The military in Zamboanga, whose headquarters is called the Western Mindanao Command, could have called on its forces to cut off rebel commander Habier Malik’s entry into the city. It had five battalions in Sulu, six in Basilan, elite units thereabouts, and a division north of the peninsula. Yet, the military had to wing it with quick tactical decisions as the days wore on. President Aquino first called on the Secretary of Interior and Local Government Mar Roxas to be on the ground. Roxas was unfamiliar with Mindanao and spent the initial days doing Powerpoint presentations on the situation. 

The Joaquin Enriquez Memorial Complex was turned into an evacuation center. (Photo by Rick Rocamora)

Too Late the Hero

The government is on its way to finalizing an agreement with another rebel group, the Moro Islamic Liberation Front (MILF) in central Mindanao—whose late leader had broken away from Misuari during their early fight for a single Moro homeland. Misuari and his MNLF had signed a previous accord in the 1990s; he was made governor of an autonomous region in the south but had squandered his promises of elevating his people from poverty. 

His stature as a hero diminished in the long quest for peace; he was reduced to a man who whined and made excessive demands when attention was no longer on him. Now in his seventies, Misuari had reverted to the jungles of Sulu with no support left among Muslim countries in the region. From there Misuari ordered his chief lieutenant, the ustadz (Islamic teacher) Malik, to carry out the attack in Zamboanga, seen as his last stand. 

As a consequence of the fighting, the coastal villages went up in flames, the rebels' improvised Molotov bombs and the soldiers' ammunition adding to the combustion. 
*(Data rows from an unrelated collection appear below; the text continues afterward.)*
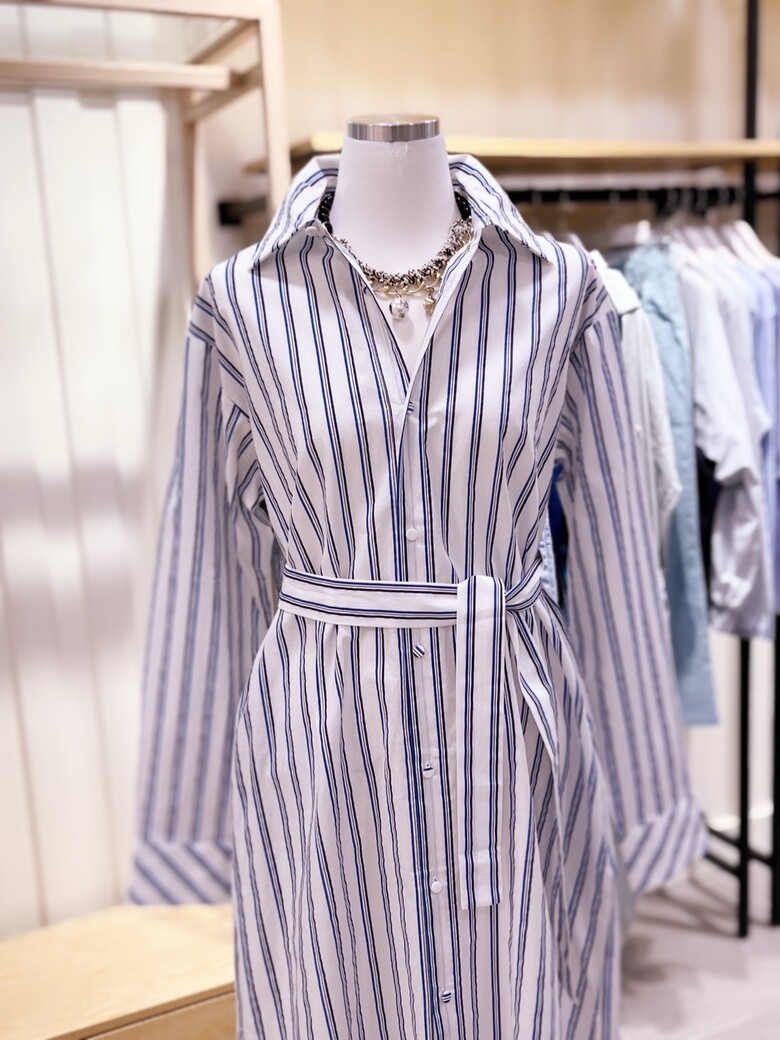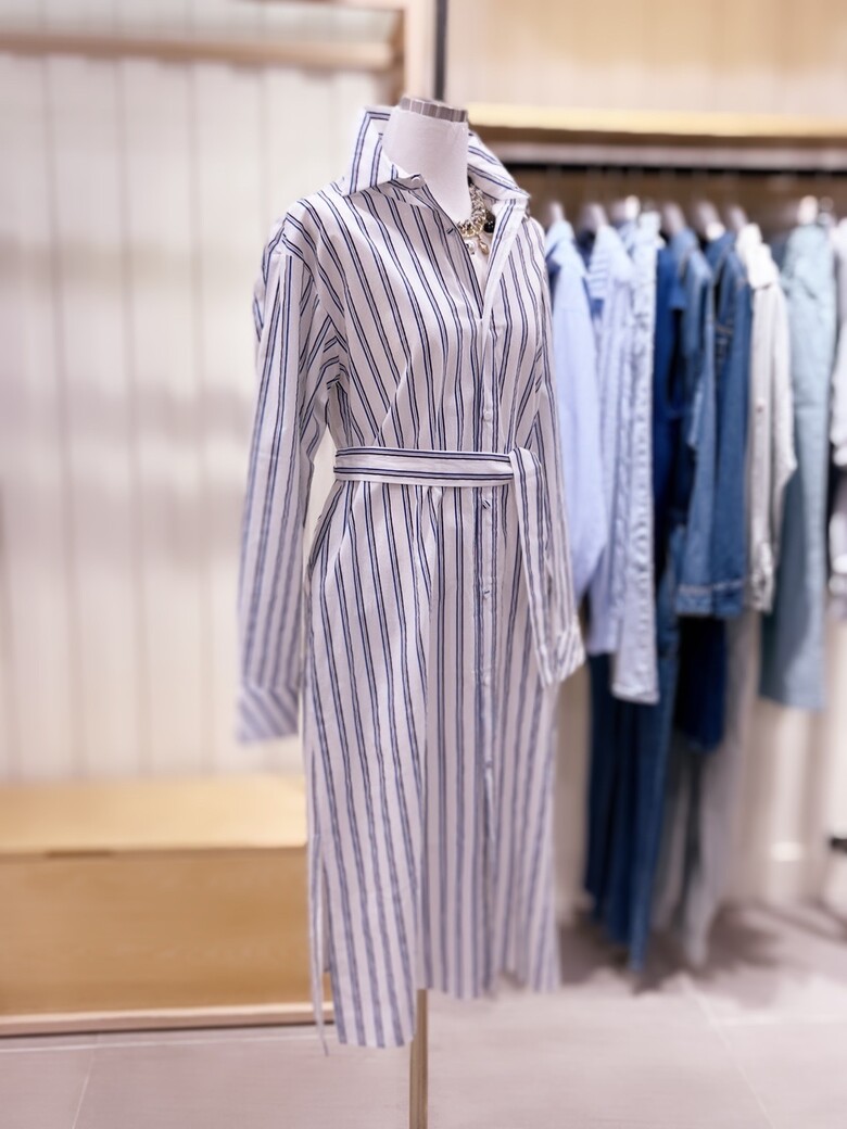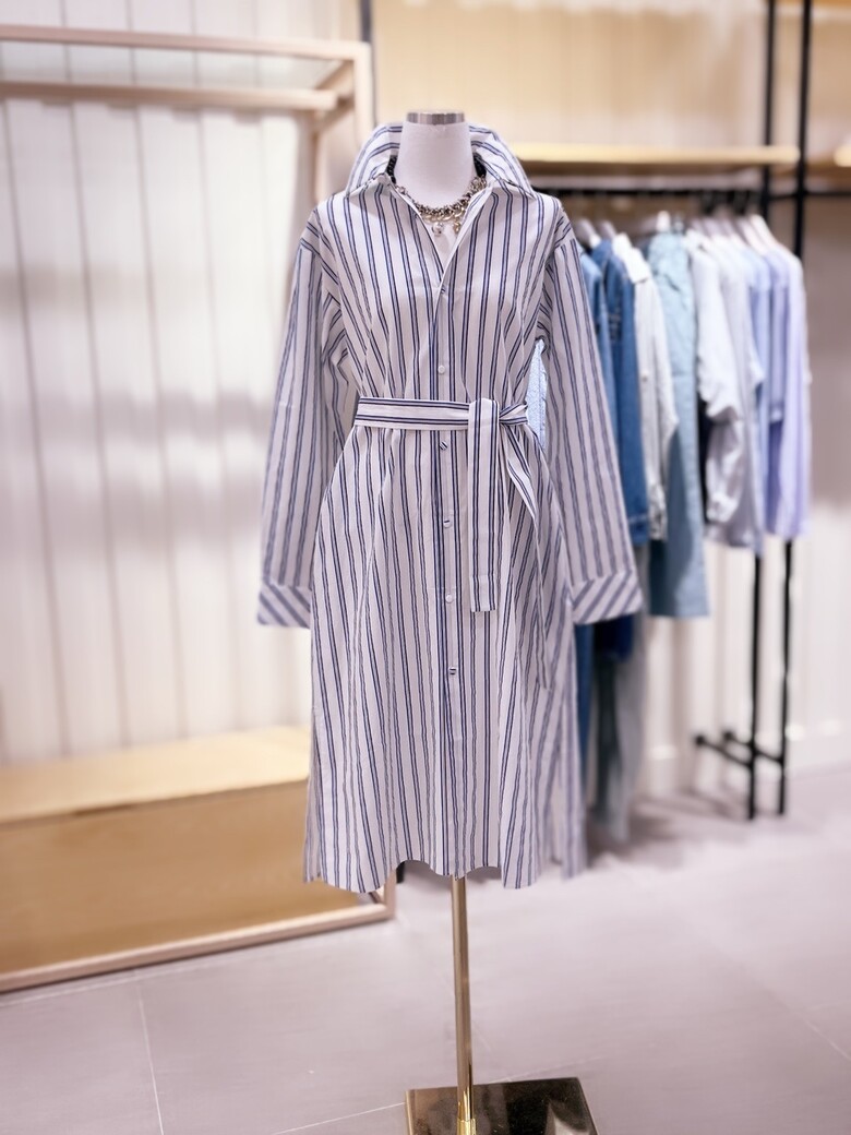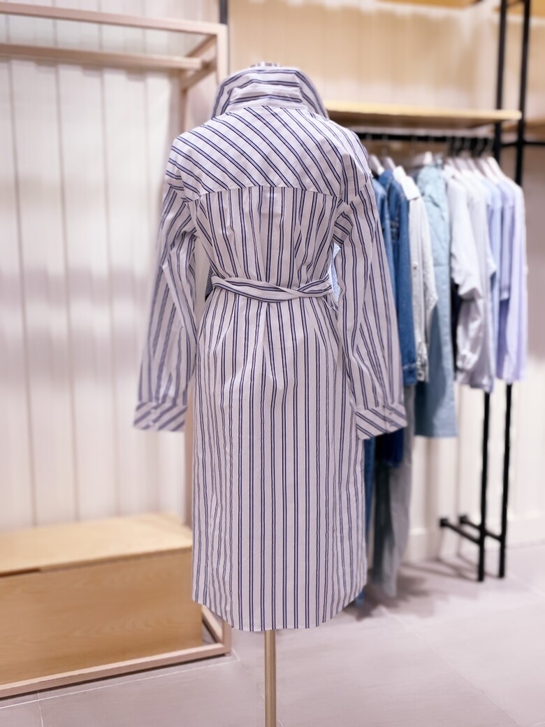 스트라이프 패턴으로 밋밋함 없이?롱 기장으로 멋스럽게 코디 가능하며?벨트끈이 있어 다양하게 코디 하기 좋은 스트라이프 롱 셔츠 입니다?
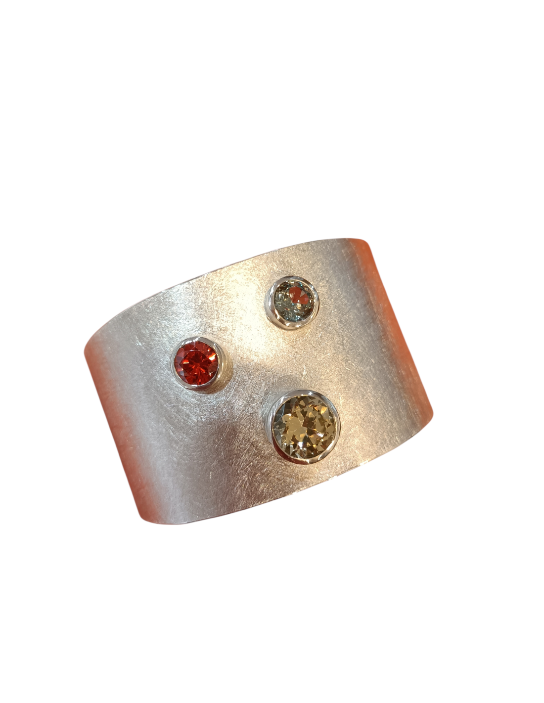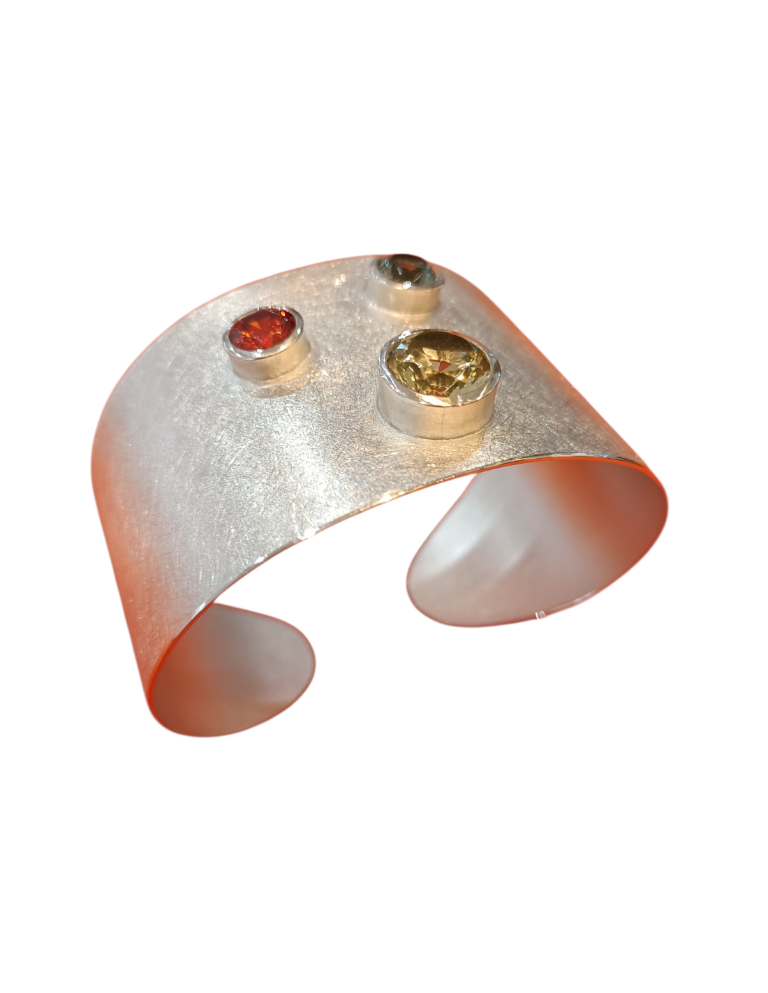Esclava de plata Vulcano realizada en plata de ley con piedras corindón color paparadsha, erinita y lemón
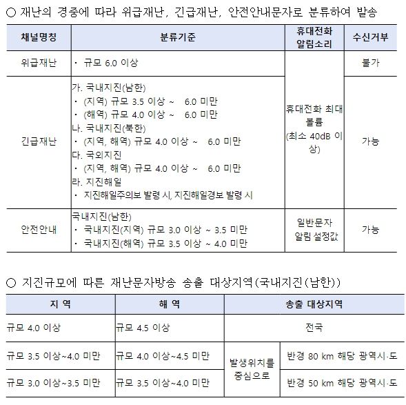 현재는 지역에서 지진 규모 3.0 이상이 발생하면 관련 규정에 근거하여 재난의 경중에 따라 위급재난, 긴급재난, 안전안내문자로 구분하고, 지진의 발생 위치를 중심으로 해당 광역시·도 단위로 지진 재난문자를 송출하게 되어 있다.

The fire stoked memories of the burning of Jolo on the island of Sulu almost 40 years ago. The military burned Jolo in 1974 in response to the start of the Moro rebellion led by Misuari. Jolo had been an exuberant capital of commerce, where Christian and Muslim families mingled and their children went to the same school and had parties together. 

Sulu has never been able to recover from that burning. Families fled, bandits and warlords took over. Insurgents have made it their haven, chief among them is Malik, who is known to have about 500 men and could mobilize as many as 3,000 fighters from among relatives and followers, according to the military. 

Nur Misuari of the Moro National Liberation Front (Source: Wikimedia Commons)

Nur Misuari of the Moro National Liberation Front (Source: Wikimedia Commons)

Alone this Time

Zamboanga happened because people in Sulu have not forgotten. Misuari wanted to rally his men again, like at the start of the separatist rebellion in 1974, but the Tausug Muslims of Sulu, to which Misuari belongs, wouldn't let him do it again and forbade him from going anywhere near the mosque. 

The tragic adventure in Zamboanga revealed that beneath the aspiration for a Bangsamoro homeland, ethnic differences divide the Moros. Unlike in the '70s, the Maguindanaoans and the Maranaos in mainland Mindanao did not join the Tausugs' fight this time. 

But Misuari could not be easily removed from the dynamics of Mindanao, and the government missed this angle. The price was Zamboanga, another generation of war, and probably, a new cycle violence. 

“Zamboanga is your home,” Mayor Climaco told Muslims, many of whom have become refugees in evacuation centers set up in the city. An estimated 100,000 fled their homes at the scene of the fighting. “Your children grew up here,” she said, “you built your houses here, don’t stage this city as a ground for your warfare.” 

But it looks like Zamboanguenos will put up a protective wall of distrust and never forget. 

 

 
Criselda Yabes

Criselda Yabes

Criselda Yabes is the author of "Below the Crying Mountain" set in the rebellion of the 1970s in the south. It won the UP Centennial Literary Prize in 2008 and was nominated for the Man Asian Prize in 2010. She is currently based in Manila.